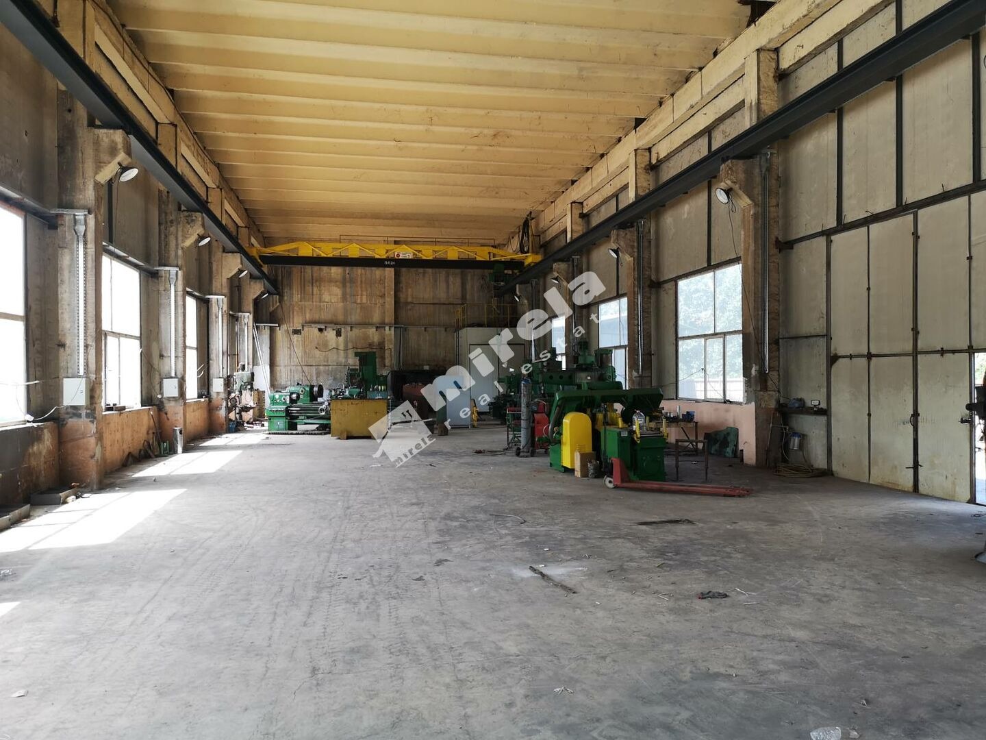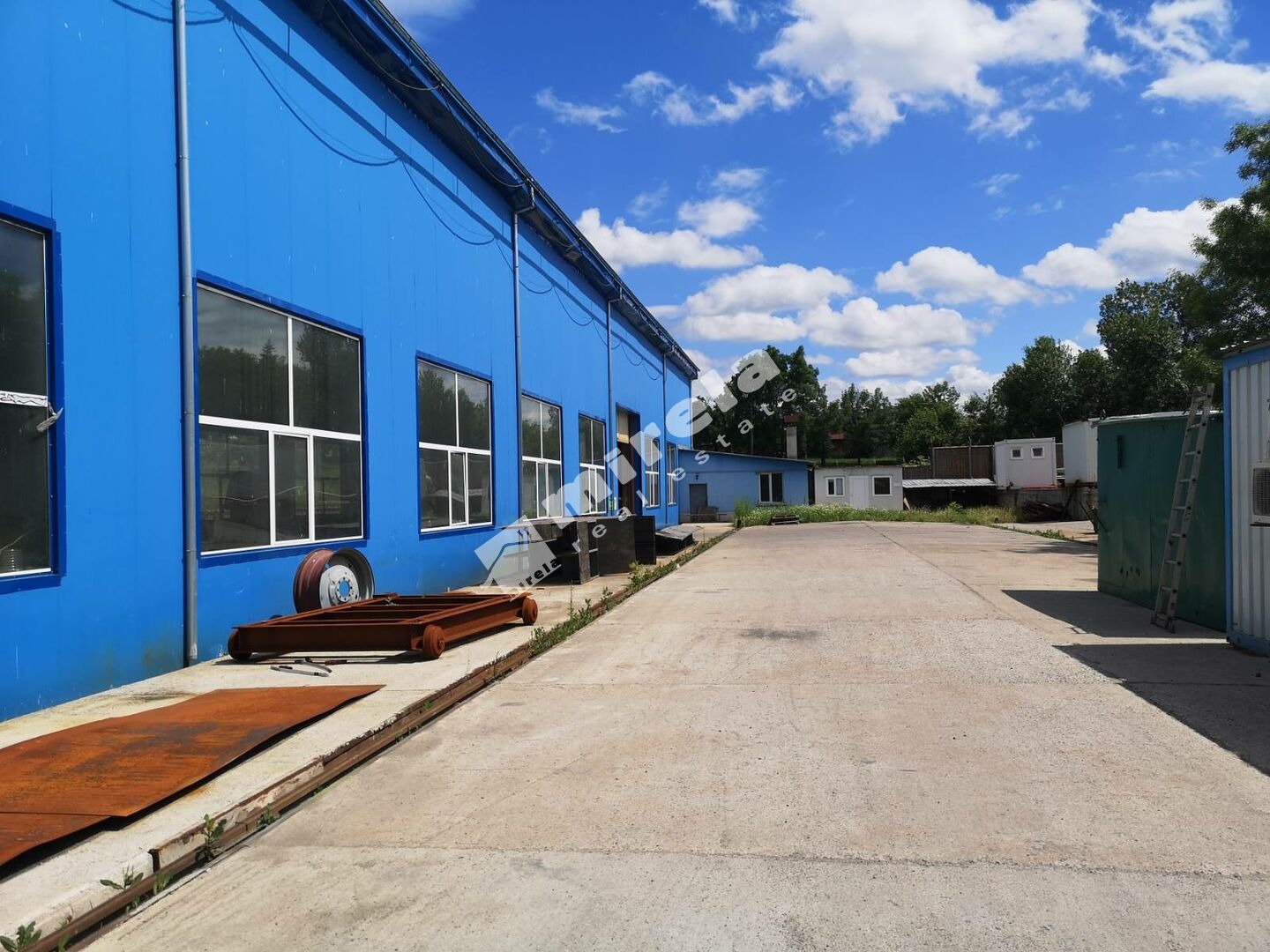 448573 Ремонтна база в с. Скалица на 36 км. от гр. Ямбол със собствен парцел от 4200кв.м., бетониран. Хале от 750 кв.м. и помощни помещения от 150 кв.м. Халето е с нов покрив от стоманена конструкция и поцинкована ламарина. Фасадите са с нова алуминиева дограма и стенни санвич панели. Входната врата към халето 5000х5000 секционна врата с ръчно управление и пешеходна врата. Халето е оборудвано с мостови кран 5т. с изцяло подменен подкранов път от греди ХЕА 300. Под от 20см. двойно армиран бетон. Помощна постройка монолитна вкючваща 2 офиса, 2 сан. възела, коридор, стая за персонала с баня към нея и склад. Отопланието е котел с водна риза. Трифазен ток с мощност 100KW. Водоснабдена към ВиК със захранващ щранг Ф60мм.
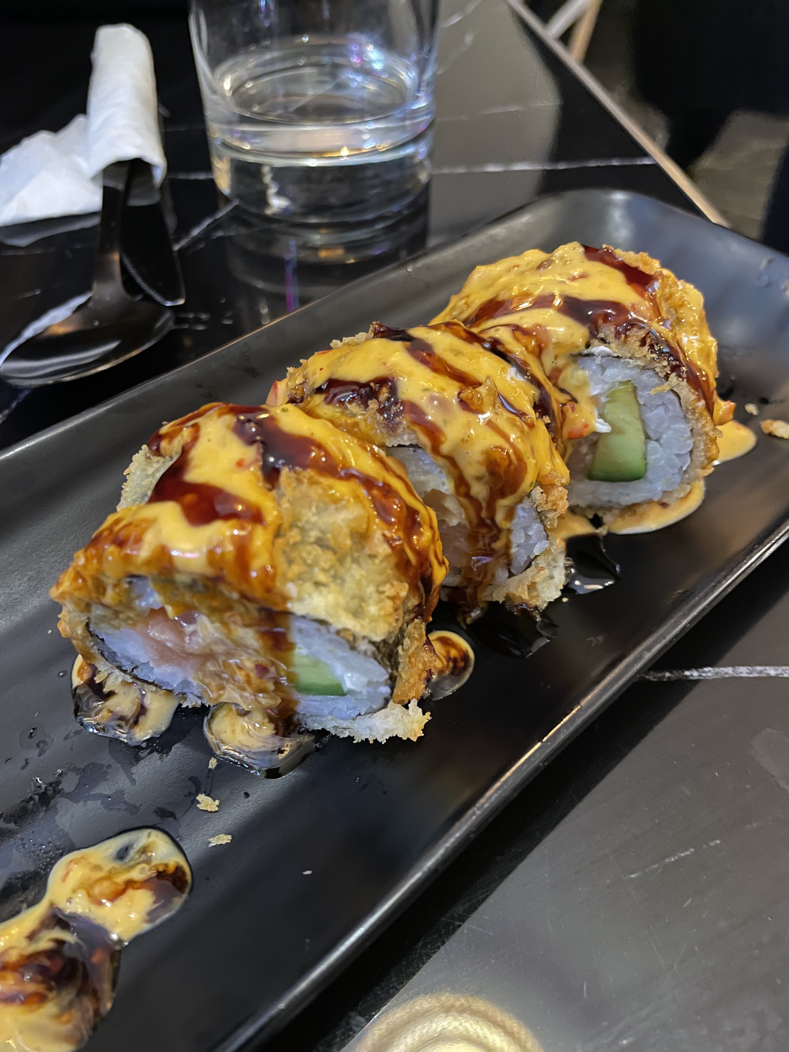J’ai trouvé qu’il y avait beaucoup d’attente malgré tout ils ont eu la gentillesse de nous offrir des boissons de plus les sushis sont vraiment remplis de salade ce que je n’avais jamais vu auparavant, en plus leur poulet pané était dur dans le bao ce qui ne collait pas avec la texture du pain, pour finir les sushis classique ont beaucoup trop de riz et sont petits par rapport au prix payé sinon les desserts sont pas mal
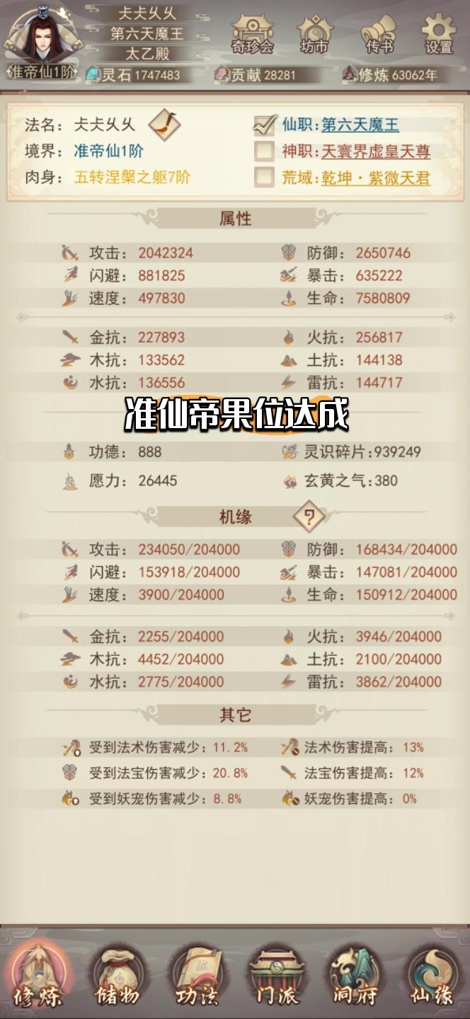 总算下海了, 晚了许多,具体为什么呢? ⊙ω⊙,大家看第二张图,应该就知道了,本来没准备点太多,然后网一卡手一抖,就直接八重了。 然后就是升九到十,劈了我好几次,不然的话四千年以内还是能做到的。 整体来说进了不少坑,不过能在这个年份洞真,也还算是可喜可贺,可喜可贺。 整体来说,大乘一天一级有点难度了,如果不是秘诀流的话可能会花费更多时间。 目前还是差了个界主,如果有界主的修速加成,一天一级还是能做
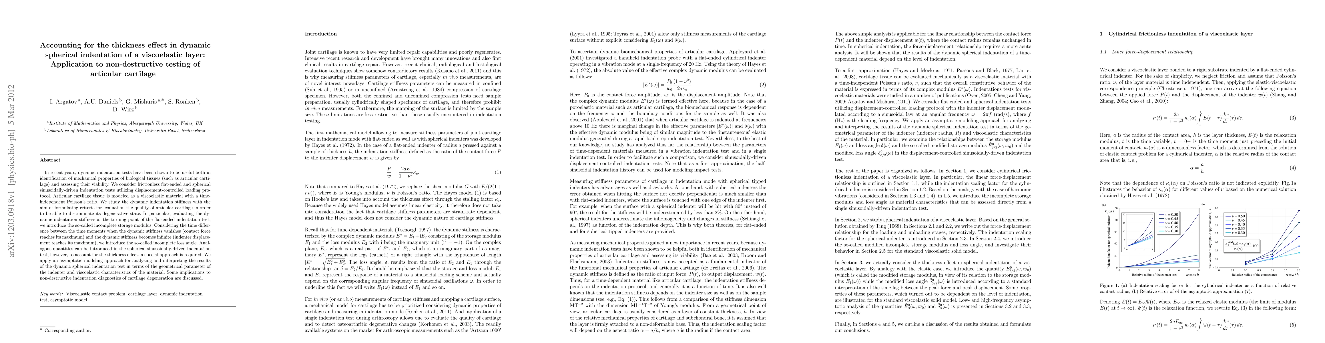 In recent years, dynamic indentation tests have been shown to be useful both in identification of mechanical properties of biological tissues (such as articular cartilage) and assessing their viability. We consider frictionless flat-ended and spherical sinusoidally-driven indentation tests utilizing displacement-controlled loading protocol. Articular cartilage tissue is modeled as a viscoelastic material with a time-independent Poisson's ratio. We study the dynamic indentation stiffness with the aim of formulating criteria for evaluation the quality of articular cartilage in order to be able to discriminate its degenerative state. In particular, evaluating the dynamic indentation stiffness at the turning point of the flat-ended indentation test, we introduce the so-called incomplete storage modulus. Considering the time difference between the time moments when the dynamic stiffness vanishes (contact force reaches its maximum) and the dynamic stiffness becomes infinite (indenter displacement reaches its maximum), we introduce the so-called incomplete loss angle. Analogous quantities can be introduced in the spherical sinusoidally-driven indentation test, however, to account for the thickness effect, a special approach is required. We apply an asymptotic modeling approach for analyzing and interpreting the results of the dynamic spherical indentation test in terms of the geometrical parameter of the indenter and viscoelastic characteristics of the material. Some implications to non-destructive indentation diagnostics of cartilage degeneration are discussed.
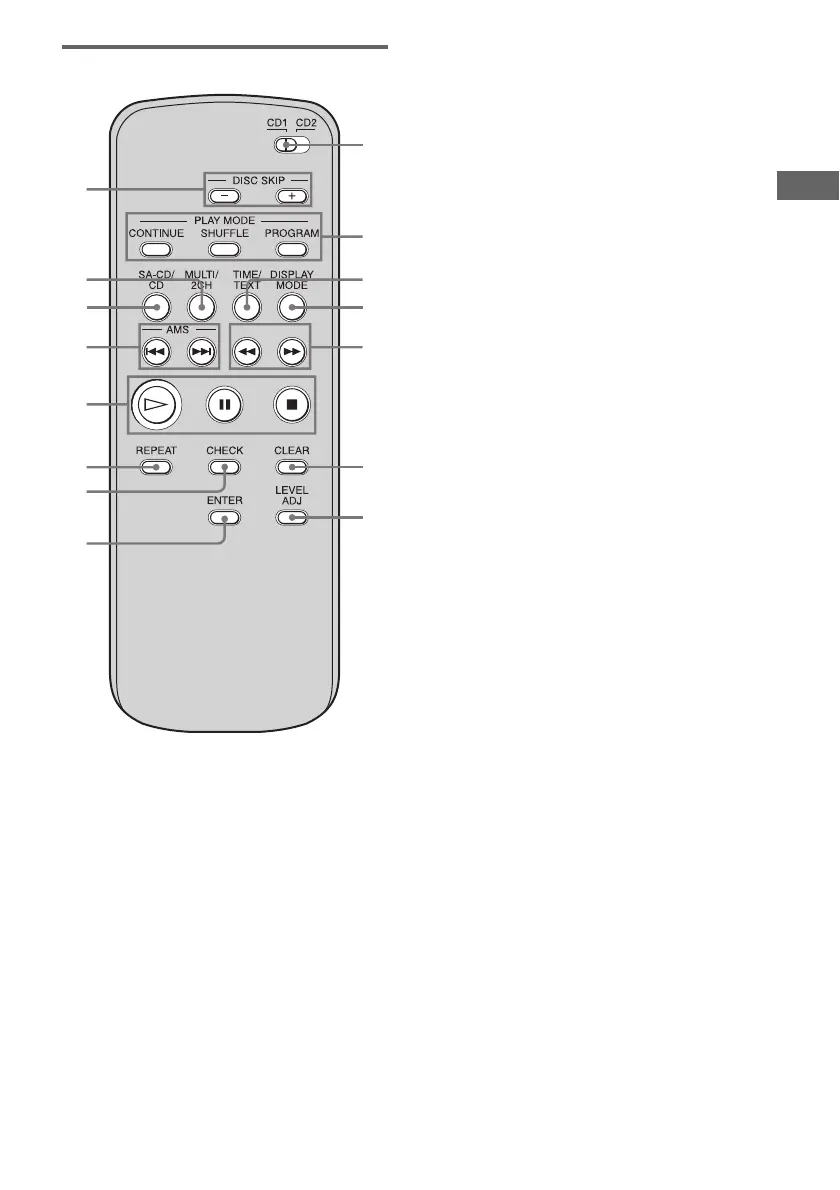 O Botones DISC SKIP +/– (9, 13, 15)
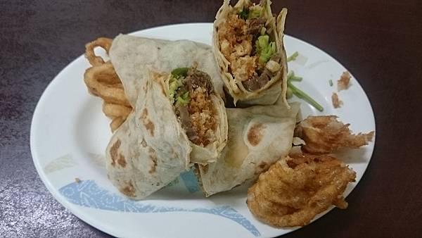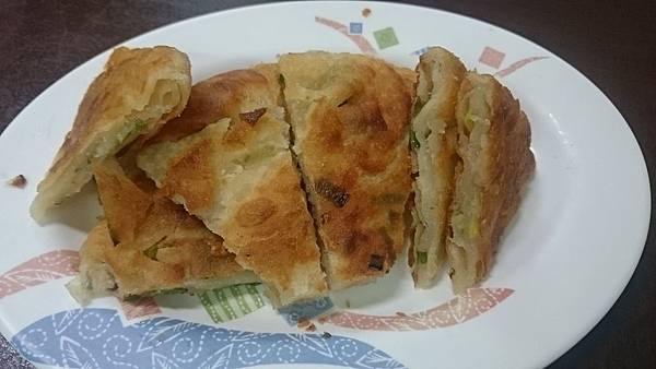 蔥油餅,餅皮用看的就知道,那種金黃香酥的程度不是蓋人的,整個就是外酥內軟,厚實有嚼感,微微飄散著香蔥味道,更讓人食指大動,只是一個人吃多了會有點膩口且較乾。
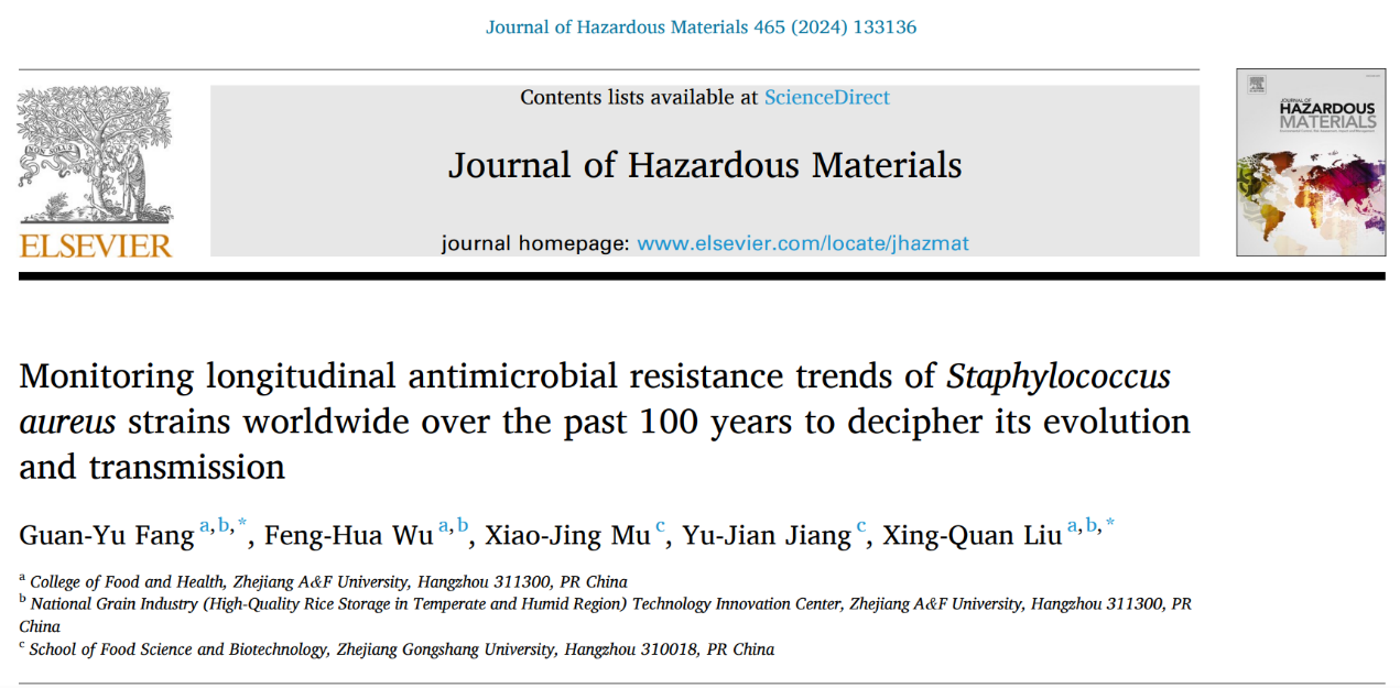 近日,食品与健康学院刘兴泉教授团队在国际期刊Journal of Hazardous Materials(中科院一区Top,IF:13.6)在线发表了题为Monitoring longitudinal antimicrobial resistance trends ofStaphylococcus aureusstrains worldwide over the past 100 years to decipher its evolution and transmission的研究性论文。

_ _ _ _ _

▸ **WHAT NEEDS TO BE DONE**: An exact copy of every entry, minus the pictures, is what you should return.

▸ **SOLUTION BELOW**:
 448573 Ремонтна база в с. Скалица на 36 км. от гр. Ямбол със собствен парцел от 4200кв.м., бетониран. Хале от 750 кв.м. и помощни помещения от 150 кв.м. Халето е с нов покрив от стоманена конструкция и поцинкована ламарина. Фасадите са с нова алуминиева дограма и стенни санвич панели. Входната врата към халето 5000х5000 секционна врата с ръчно управление и пешеходна врата. Халето е оборудвано с мостови кран 5т. с изцяло подменен подкранов път от греди ХЕА 300. Под от 20см. двойно армиран бетон. Помощна постройка монолитна вкючваща 2 офиса, 2 сан. възела, коридор, стая за персонала с баня към нея и склад. Отопланието е котел с водна риза. Трифазен ток с мощност 100KW. Водоснабдена към ВиК със захранващ щранг Ф60мм.
J’ai trouvé qu’il y avait beaucoup d’attente malgré tout ils ont eu la gentillesse de nous offrir des boissons de plus les sushis sont vraiment remplis de salade ce que je n’avais jamais vu auparavant, en plus leur poulet pané était dur dans le bao ce qui ne collait pas avec la texture du pain, pour finir les sushis classique ont beaucoup trop de riz et sont petits par rapport au prix payé sinon les desserts sont pas mal
 总算下海了, 晚了许多,具体为什么呢? ⊙ω⊙,大家看第二张图,应该就知道了,本来没准备点太多,然后网一卡手一抖,就直接八重了。 然后就是升九到十,劈了我好几次,不然的话四千年以内还是能做到的。 整体来说进了不少坑,不过能在这个年份洞真,也还算是可喜可贺,可喜可贺。 整体来说,大乘一天一级有点难度了,如果不是秘诀流的话可能会花费更多时间。 目前还是差了个界主,如果有界主的修速加成,一天一级还是能做
 In recent years, dynamic indentation tests have been shown to be useful both in identification of mechanical properties of biological tissues (such as articular cartilage) and assessing their viability. We consider frictionless flat-ended and spherical sinusoidally-driven indentation tests utilizing displacement-controlled loading protocol. Articular cartilage tissue is modeled as a viscoelastic material with a time-independent Poisson's ratio. We study the dynamic indentation stiffness with the aim of formulating criteria for evaluation the quality of articular cartilage in order to be able to discriminate its degenerative state. In particular, evaluating the dynamic indentation stiffness at the turning point of the flat-ended indentation test, we introduce the so-called incomplete storage modulus. Considering the time difference between the time moments when the dynamic stiffness vanishes (contact force reaches its maximum) and the dynamic stiffness becomes infinite (indenter displacement reaches its maximum), we introduce the so-called incomplete loss angle. Analogous quantities can be introduced in the spherical sinusoidally-driven indentation test, however, to account for the thickness effect, a special approach is required. We apply an asymptotic modeling approach for analyzing and interpreting the results of the dynamic spherical indentation test in terms of the geometrical parameter of the indenter and viscoelastic characteristics of the material. Some implications to non-destructive indentation diagnostics of cartilage degeneration are discussed.
 O Botones DISC SKIP +/– (9, 13, 15)
 蔥油餅,餅皮用看的就知道,那種金黃香酥的程度不是蓋人的,整個就是外酥內軟,厚實有嚼感,微微飄散著香蔥味道,更讓人食指大動,只是一個人吃多了會有點膩口且較乾。
 近日,食品与健康学院刘兴泉教授团队在国际期刊Journal of Hazardous Materials(中科院一区Top,IF:13.6)在线发表了题为Monitoring longitudinal antimicrobial resistance trends ofStaphylococcus aureusstrains worldwide over the past 100 years to decipher its evolution and transmission的研究性论文。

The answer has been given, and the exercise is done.